Люди Платонова, особенно если их много собралось вместе, как народ джан или чевенгурцы, — как эта Эвридика. Тела чевенгурских женщин ничем не отличаются от ее души: “Эти женщины не имели молодости или другого ясного возраста, они меняли свое тело, свое место возраста и расцвета на пищу, и так как добыча пищи для них была всегда убыточной, то тело истратилось прежде смерти и задолго до нее; поэтому они были похожи на девочек и на старушек — на матерей и на младших невыкормленных сестер; от ласк мужей им стало бы больно и страшно. Прокофий их пробовал во время путешествия сжимать, забирая в фаэтон для испытания, но они кричали от его любви, как от своей болезни”. Тела женщин — только повод к отрешенности: “Поверх кожи для женщины начинался чужой мир, и ничто из него ей не удавалось приобрести, даже одежды для теплоты и сбережения тела как источника своей пищи и счастья других”.

Это отрешенное тело — пречистое тело, годное для евхаристии, как тело умирающего мальчика нищенки: “Мальчик сначала забылся в прохладе покойного сна, а потом сразу вскрикнул, открыл глаза и увидел, что мать вынимает его за голову из сумки, где ему было тепло среди мягкого хлеба, и раздает отваливающимися кусками его слабое тело, обросшее шерстью от пота и болезни, голым бабам-нищенкам. „Мать, — говорит он матери, — ты дура-побирушка, кто ж тебя будет кормить, на старости лет? Я и так худой, а ты меня другим подаешь!””
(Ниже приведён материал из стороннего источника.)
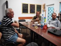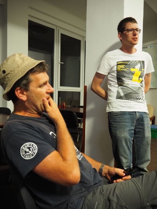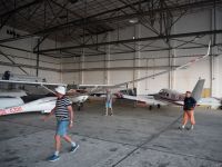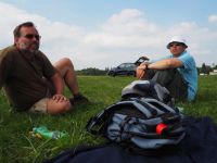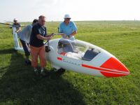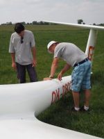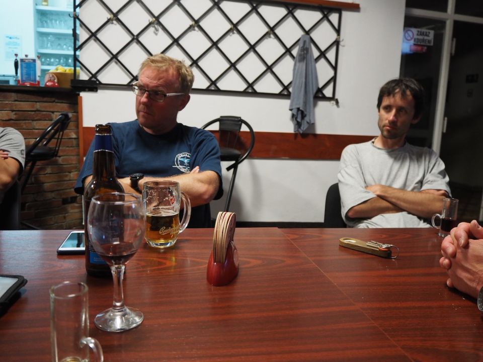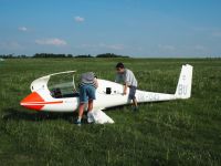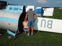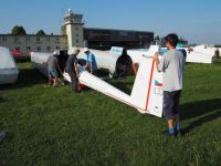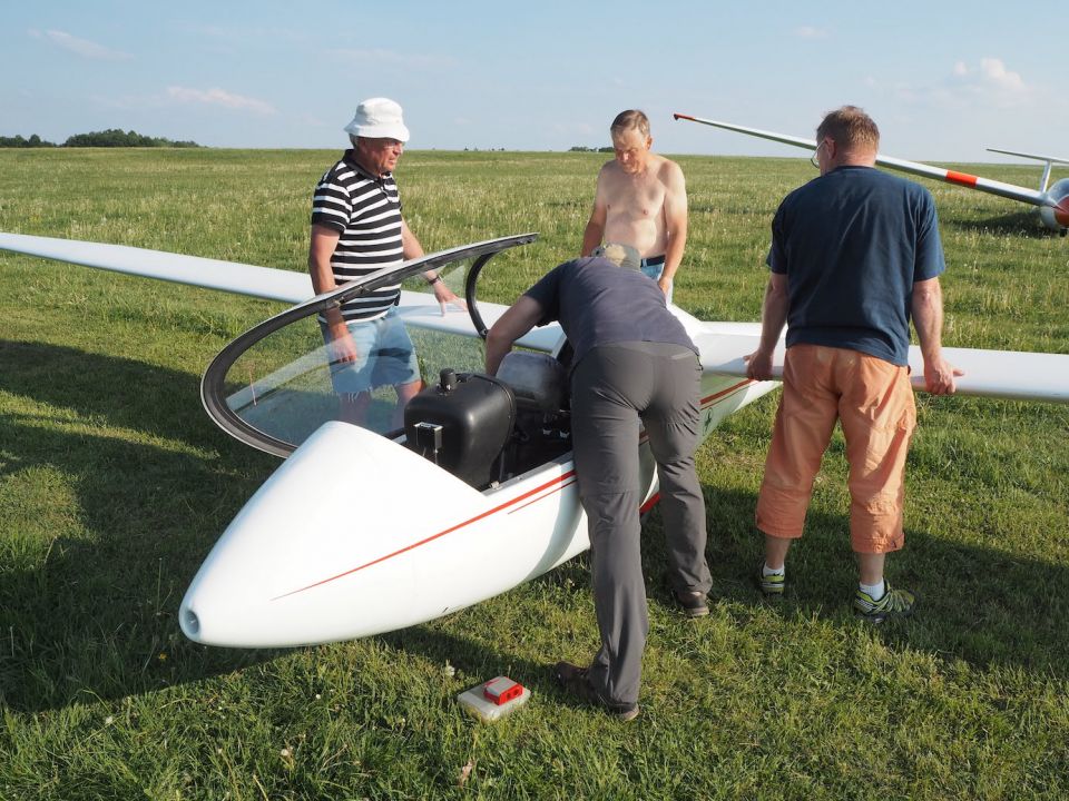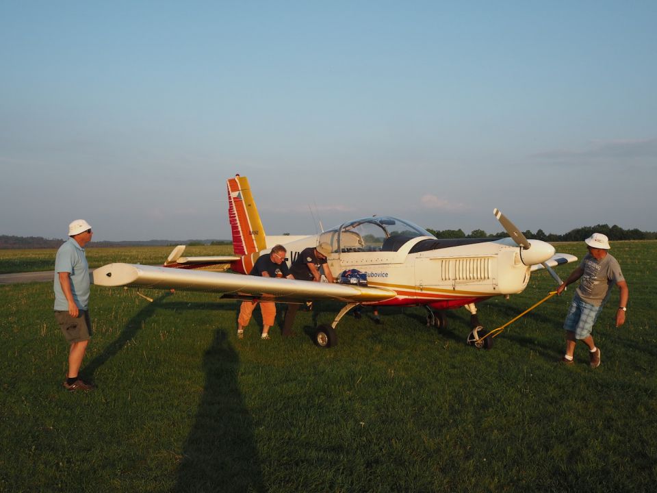 V Hosíně zatím ukončujeme provoz, skládání hangáru odkládáme (dnes večer tam budeme ukládat jen dva Blaníky a vlečnou, to bychom měli mít raz dva) a rovnou se pouštíme do rozborky ostatních letadel do vleků, abychom zítra mohli trasporťáky jen připřáhnout a vyrazit k domovu. Tou dobou už mohou přiložit ruku k dílu i Petr s Víťou, kteří se už vrátili ze záchranné akce od Podolského mostu. Když se západem slunce zamkneme poslední vlek a vyčerpaně usedneme k večeři, přijdou se nás rakouští plachtaři zeptat, zda mohou své Discusy-2c uklidit do hangáru dozadu a my si pak naše Blaníky jen přistrčíme dopředu – což vyhodnotíme jako výborný nápad a souhlasíme. Místní VLP se chvíli snaží Rakušákům při skládání hangáru pomoct, ale po chvíli neúspěšného poposouvání, šťouchání a opětovného vyndavání se všichni se společným usnesením, že “die Kollegen aus Bubowitz haben System”, rozhodnou přenechat hangár odborníkům, takže nás po večeři čeká ještě všemi oblíbená hangárová rozcvička. Večer pak ve zdejším baru vyhodnocujeme dosažné výkony, abychom vyčkali na Pavla, který se z Bubovic vrací do Hosína až kolem jedenácté večerní. Přijíždí – nevíme přesně proč – s poznatkem, že “v Bubovicích máme stejně to nejútulnější letiště na světě”.

И если тело свято, то одинаково свято живое тело и мертвое. Живые и мертвые у Платонова равны. “Мертвые тоже люди”, — говорит его персонаж Чиклин, который “и в чужом и в мертвом человеке чувствовал кое-что остаточно-теплое и родственное, когда ему приходилось целовать его или еще глубже как-либо приникать к нему”.

Мертвые тела любовно и тщательно сохраняют, даже не в надежде на воскресение, но ради той части жизни и любви, которая всегда остается в теле, даже мертвом, как может сохранять ребенок давно лопнувший любимый шарик, который для него не исчез и не умер, а испортился, стал некрасивым, но от этого еще любимее и жальче. Человек, не тронутый сутью телесности, назовет это сентиментальностью: “Захар Павлович хотел сохранить Александра в таком гробу — если не живым, то целым для памяти и любви; через каждые десять лет Захар Павлович собирался откапывать сына из могилы, чтобы видеть его и чувствовать себя вместе с ним”. Или: “В полдень Чиклин начал копать для Насти специальную могилу. Он рыл ее пятнадцать часов подряд, чтобы она была глубока и в нее не сумел бы проникнуть ни червь, ни корень растения, ни тепло, ни холод и чтоб ребенка никогда не побеспокоил шум жизни с поверхности земли. Гробовое ложе Чиклин выдолбил в вечном камне и приготовил еще особую, в виде крышки, гранитную плиту, дабы на девочку не лег громадный вес могильного праха”.

Видимо, это — самое древнее, доритуальное отношение к телам умерших, которое и позволило возникнуть ритуалу и всегда оставалось среди крестьян, удивляя горожанина, если ему вдруг приходилось с ним сталкиваться. Как это происходит, например, в стихотворении Вордсворта “Нас семеро” (“We Are Seven”). В годы революции, когда умерших перестали отпевать, они как бы не становились вполне умершими, от жизни и смерти снова стали ждать чудес: если матери хочется, чтобы ее ребенок пожил еще минуту, то почему бы и нет: “„Да ведь он кончился, чего ты его беспокоишь?” — спросил Копенкин. <...> „Одну минуту пожить сумеет, раз матери хочется: жил-жил, а теперь забыл! Если б он уже заледенел либо его черви тронули, а то лежит горячий ребенок — он еще внутри весь живой, только снаружи помер””.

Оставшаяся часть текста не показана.